Nancy tem um meio riso. Passa, nesse momento, um rapaz que a cumprimenta. Ela retribui e o Fulano afasta-se. Então, Nancy vira-se para o marido:
— Quem sabe se esse rapaz, que me cumprimentou, não é teu substituto? Quem sabe se eu não lucrei também com a tua substituição?
Lívido, Chagas não fez um comentário.
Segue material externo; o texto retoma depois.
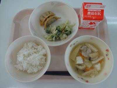 ~ごはん、揚げギョウザ、ブロッコリーのごまマヨ和え、豚汁、牛乳~
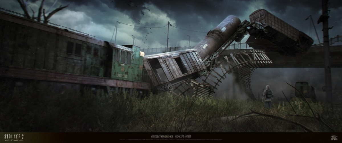 ☢️ Подборка концепт-артов от 2D/3D-художника S.T.A.L.K.E.R. 2: Сердце Чернобыля, Ярослава Кононенко. - Гравитационная аномалия на ЖД путях; - Концепт бара; - Монолитовский тотем; - Нейропрограматор; - Холл объекта "Фундамент"; - Сгоревший хутор; - Аномалия "Ведьмин круг".

Durante um mês, dois, aquilo não lhe saiu da cabeça. E, sobretudo, uma lembrança o atormentava de maneira intolerável: na véspera do regresso, passara a noite fora. E, ao entrar no quarto, ao amanhecer, encontrara a mulher acordada e com a fabulosa "camisola do dia", que custara um dinheirão. Numa especulação infinita, perguntava, de si para si: "Pra que a camisola?". Ou: "Pra quem?". Ao longo desses dois meses, bebeu três ou quatro vezes, e, bêbado, debatendo-se nos braços dos amigos, soluçava: "Respondam: fui substituído?". Diante do seu desespero, a mulher comoveu-se, afinal: "Eu menti! É mentira! Foi brincadeira minha!". Ele, porém, já não estava em condições de acreditar em nada, em coisa alguma. Acabou metendo uma bala na cabeça.